Perhaps it’s because we don’t often get to see the behind-the-scenes of our fellow artmakers, all the while living the behind-the-scenes of our own artmaking. I will never know what it feels like to look at my photography for the first time because my perspective is hampered by the hours spent waiting for the right lighting, removing dust from scanned film, drafting the blog posts that accompany it and so forth.
Meanwhile, I’ll check out my RSS feed and be completely blown away by the work that my peers are making. Every day I’m presented with a final product that just magically appeared on my browser in all its perfect glory. Don’t get me wrong, I love that — but it can be harmful to look at others’ work and assume that they somehow had it easier, that they aren’t struggling as hard as you are, or that their work comes to them as effortlessly as the air they breathe. I tell myself this all the time, and yet — here I am.

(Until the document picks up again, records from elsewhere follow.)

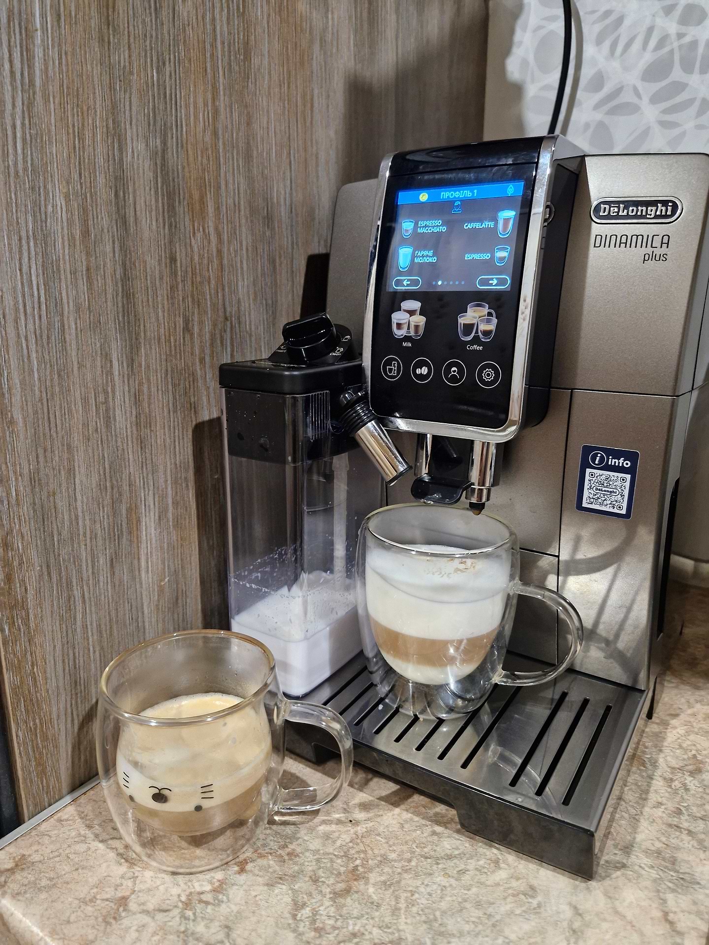 Придбали тиждень тому, дуже легка в керування все зрозуміло. Є різні мови та є можливість керування різними профілями.Все що потрібно виводить на дисплей що дуже зручно наприклад засипати кави чи долити води.Зручно заливати воду та засипати каву в резервуар. Є дві ємності для молока що зручно.Для дітей дуже сподобалась функція гарячого молока з пінкою яку можливо виставити по об'єму.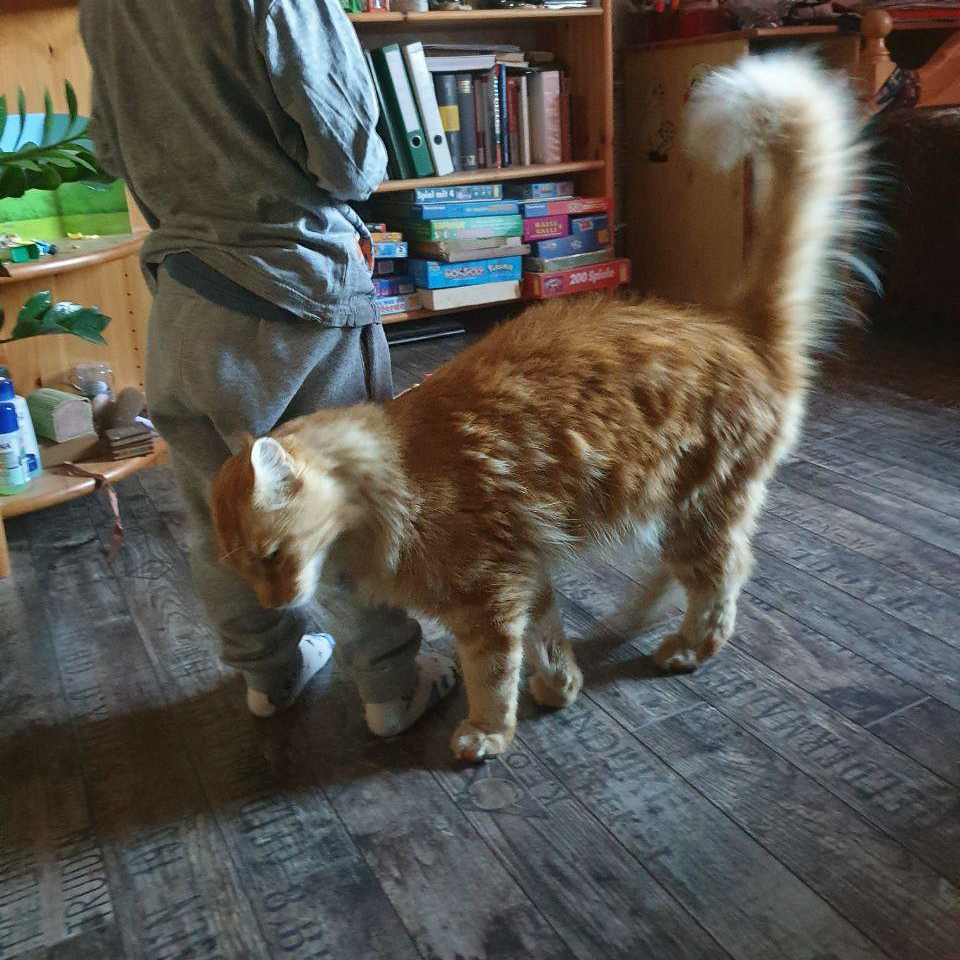 - rennt sie regelmäßig vor ihrer Katze weg, um Wege allein zu erledigen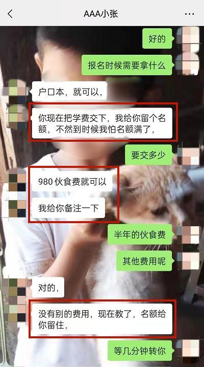 “你现在先交一下费用,我给你留个名额……”随后,“张老师”称怕入学名额满了,便让王女士先交980元的伙食费,微信直接转账即可,会帮她备注好信息。王女士又询问是否还有其他费用,“张老师”只是一个劲儿地催她赶快交钱,好留住名额。这时,王女士突然警觉起来,心里开始有些怀疑,想到学校缴费一般不会通过个人转账,于是便称稍晚再给对方转钱。

When I receive praise, it’s easy to brush off because I know every intricate detail of my photos — what makes them good, but more importantly, what makes them bad. Indeed, we are our own worst critics. Sometimes I wonder if you erased my memory and showed me my own photography under someone else’s name — what would I think about it? Honestly, I’d be afraid to find out.
As someone who is hell bent on finding value in the commonplace, I surprise myself with how much magic I believe is inherently present in others’ lives, and somehow missing from mine. It can be a tad embarrassing to admit, but this is why I wanted to talk about it — because no one ever talks about it. We just silently assume we aren’t made of the same stuff and go along on our way, feeling very, very alone. As the authors of Art & Fear noted, thinking like that is a one-way ticket to excusing yourself from the art world completely. I don’t really need to write about why that’s bad, do I? :)
With that weight off my shoulders, I’m extending an invitation to help dispel the myth of the extraordinary artist — the idea that some folks are just born with it and that creativity oozes from their very fingertips. This is an invitation to keep it real with each other and ourselves. In short — I never thought I’d say this, but — this is an invitation to stop believing in magic. (Yes, we still get to believe in dragons and Diagon Alley and talking fruit bats named Roberto!)
Not only is this myth destructive to our own self-esteem, but it’s also offensive to anyone who does work hard to hone their craft. To assume otherwise is to overlook all of their hard work, and take for granted all the researching, experimenting, and endless cups of coffee that an artist puts into his/her own art. Don’t think so? Just wait until someone brushes off your hard work, waving their hand and saying, “Oh but it all comes so easily to you — You’re just naturally talented!” Homegirl, you did not just go there…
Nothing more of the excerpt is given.